Grade: 4.5/5.0
“Magic mirror on the wall, who is the fairest one of all?” In Mona Awad’s new gothic horror novel “Rouge,” released Sept. 12, the “Bunny” author takes the “Snow White” story to chilling new depths.
Once upon a time, Awad fell down a rabbit hole of skin care videos — the kind that promised magical, transformational results. There, she observed the aspiration and the addiction, the dewy surface of “beauty” but also its dark underbelly. Marrying fairy tale tropes and symbols with a perilous quest for beauty, “Rouge” holds a light to the industry and extracts the dirt and grime beneath the surface.
Mirabelle, also known as Mira or Belle, finds a pair of red shoes in her dead mother’s closet that lead her straight to La Maison de Méduse, the same culty spa her mom frequented before her mysterious demise. As Belle is lured into the glassy world of poreless skin and reflective surfaces, Awad paints a striking image of the modern beauty industry and the promotion of white, Westernized ideals.
Throughout the novel, the mirror plays a central role, reflecting a warped world and blurring the boundary between precious fantasy and precarious reality. Belle and her mother have always been occupied by their own images, but Belle’s off-kilter “treatments” cause her to dissociate from even her own reflection. Her image no longer moves with her. She sees her mother when she looks in the mirror. Mannequins become her “sisters” who communicate with her through the glass.
Throw in a shapeshifting figure who appears in the mirror and looks awfully like Tom Cruise — but frequently insists that his name is Seth — and the plot is nothing short of strange, though this has come to be expected of Awad.
While Belle’s journey to achieve her “Most Magnificent Self” is told in a linear fashion, her “brightening” treatments require that she revisit her traumatic past, told in childhood flashbacks. It’s during these moments that readers get a sense of her fraught relationship with her mother and the mutual envy that poisoned it.
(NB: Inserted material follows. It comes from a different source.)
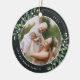 This holiday season, commemorate a special year with this elegant personalised photo Christmas ornament. Graceful sprigs of forest green painted watercolor mistletoe frame your photo, with your name and the year curving around. Add a second photo to the reverse side.
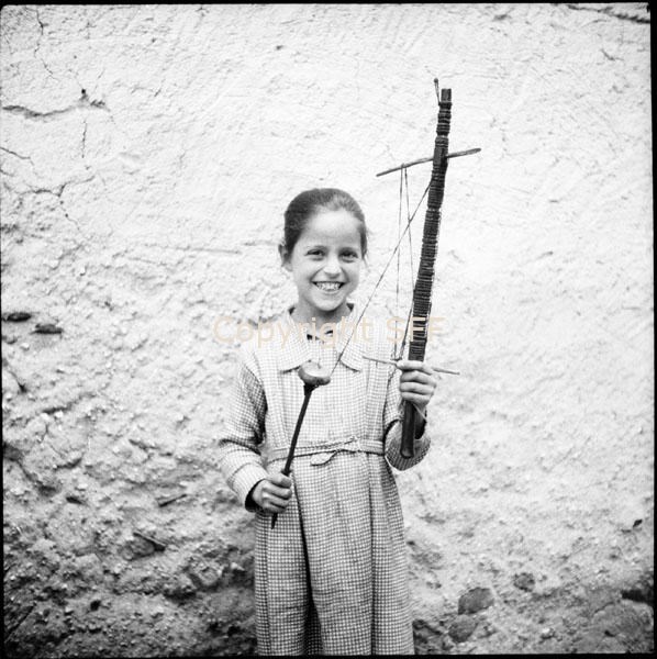 Ritratto di bambina con un attrezzo per la tessitura

Part Egyptian but raised by her white mother with “skin as white as snow,” Belle must grapple with narrow messages about what “beauty” means — specifically, young, Western and white. “Anyone who doesn’t fit within those parameters is made to feel less-than and envious, often from a very young age,” Awad said in a Q&A. “As a biracial woman, I’ve always felt both vulnerable to and suspicious of this messaging. So does Belle.”
On the other hand, Belle’s mother proves envious of her daughter’s youthful radiance, and this fear surrounding loss of beauty pervades the novel as a whole. When “beauty” is only fleeting and skin-deep, what is left beneath the surface?
Similar to 2019’s “Bunny,” “Rouge” has readers guessing what’s real and what’s not, pulling them into an unreliable narrator’s perception of an uncanny world. But unlike the MFA candidate, smut-loving group of bunny boy-killers in the former, “Rouge” describes a group much more sinister. As the mist clears from the mirror and disparate details begin to connect together, the realization is disturbing. Even when readers think Awad won’t go there, she does.
Just as much as “Rouge” is a grotesque take on the beauty industry, it’s also a poignant representation of grief. Awad’s characters are less than perfect — and their relationships even less so — leaving much room for regret but also love. Sometimes it takes a deadly journey through a beauty cult to realize the quest for outward perfection was never one worth prioritizing.
On the surface, “Rouge” may seem a bit too ambitious as it weaves together mythic tales, the modern beauty industry, Tom Cruise and a dead mother. Yet, each moving part contributes to a truly beautiful reflection on forgiveness and self-acceptance. It’s the kind of transformation no tretinoin treatment or diamond-infused elixir could ever hope to replicate.